This type of problem is different from the simple extreme value problems in two folds:

1. It need to be an extreme value;
2. It need to to satisfy a few other conditions. Simply sorting the array could give you extreme value overall but without satisfying the second conditions. One approach is to sort the array by the second condition and then by the extreme value.

• Leetcode - 502

Firstly, this could be solved by Greedy approach:

1. For all the projects that satisfy capital <= w, select the most profitable one.
2. Add the profit to capital, remove this project from available projects.

The problem now is how to select the most profitable project with a condition capital <= w. We could sort all the project by profit, but can’t gurantee the capital condition is satisfied.

Brutal force

Scan all projects, and find the max profit with capital <= w; This takes linear time for each selection.

Sort

Keep in mind that the current capital is increasing after every project selection. We could use this to add only the projects that satisfy the new capital condition.

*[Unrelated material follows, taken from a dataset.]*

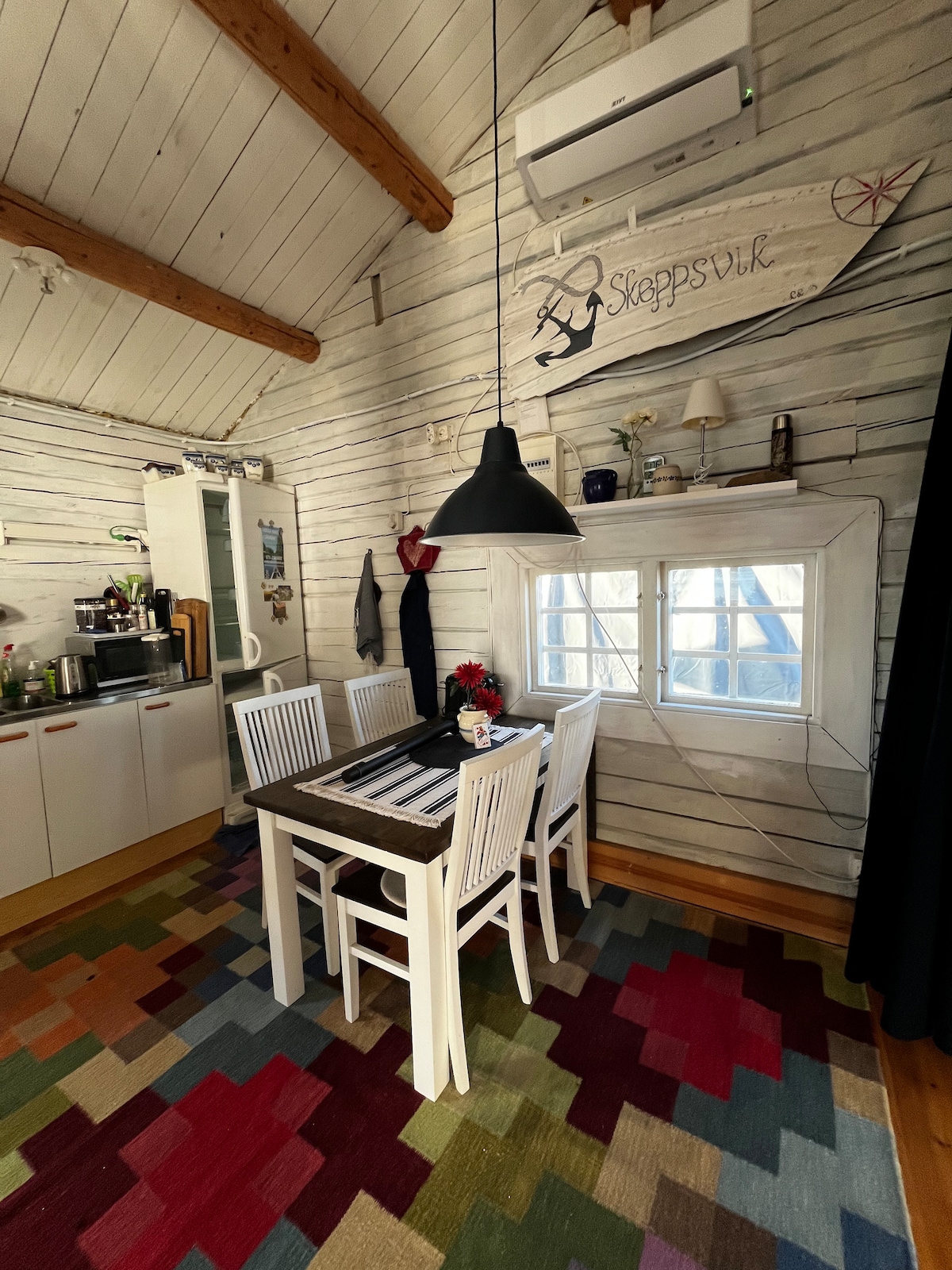 Almacén de más de 100 años en un pequeño pueblo en el archipiélago de Maxmo en Vöyri. El ambiente es tranquilo y silencioso en el pueblo. El lugar está a 10 km del centro local y a 40 km del centro de la ciudad de Vaasa, la capital del condado de Pohjanmaa/Österbotten. La región es de aproximadamente 50:50 bilingüe finlandés-sueco, pero el archipiélago es casi 100 % de habla sueca. Muchas personas hablan ambos idiomas. El inglés es un idioma común extranjero. Te mueves muy bien con el inglés.
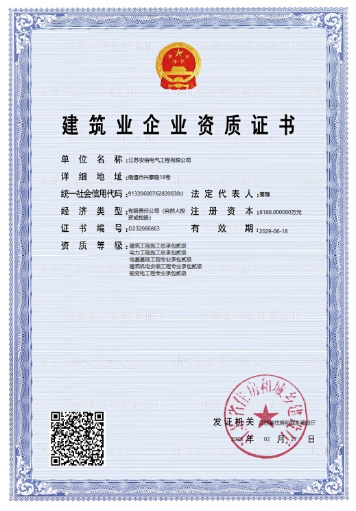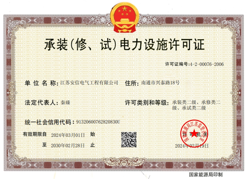 承裝二級(jí)、承修二級(jí)、承試二級(jí),電力工程施工總承包二級(jí),輸變電工程專業(yè)承包二級(jí),建筑工程施工總承包二級(jí),建筑機(jī)電安裝專業(yè)承包二級(jí),地基基礎(chǔ)專業(yè)承包二級(jí)

1. Initial a max heap with capital;
2. Sort the projects by capital;
3. Put the projects that satisfy initial capital condition to the max heap;
4. For every selection, poll a project from the max heap, and increment current capital.
5. Put all projects that satisfy the new capital into max heap;

Every project need to be visited once only, so the time complexity would be O(k+n), where k is the given k, and n is the length of projects.

    public int findMaximizedCapital(int k, int w, int[] profits, int[] capital) {
        
        //Greedy method
        PriorityQueue<int[]> pq = new PriorityQueue<>((x,y)-> -1*Integer.compare(x[1],y[1]));
        
        int[][] projects = new int[profits.length][2];
        
        for (int i = 0; i < profits.length; i++) {
            projects[i][0] = capital[i];
            projects[i][1] = profits[i];
        }      
        
        Arrays.sort(projects, (x,y)->Integer.compare(x[0], y[0]) );
        int id = 0;
        while (id < projects.length && projects[id][0] <= w) {
                pq.add(projects[id++]);
        }
        
        while (k > 0) {
            if (pq.isEmpty()) return w;
            int[] maxProfit = pq.poll();          

            w += maxProfit[1];            
            while (id < projects.length && projects[id][0] <= w) {
                pq.add(projects[id++]);
            }            
            k--;
        }
        
        return w;
    }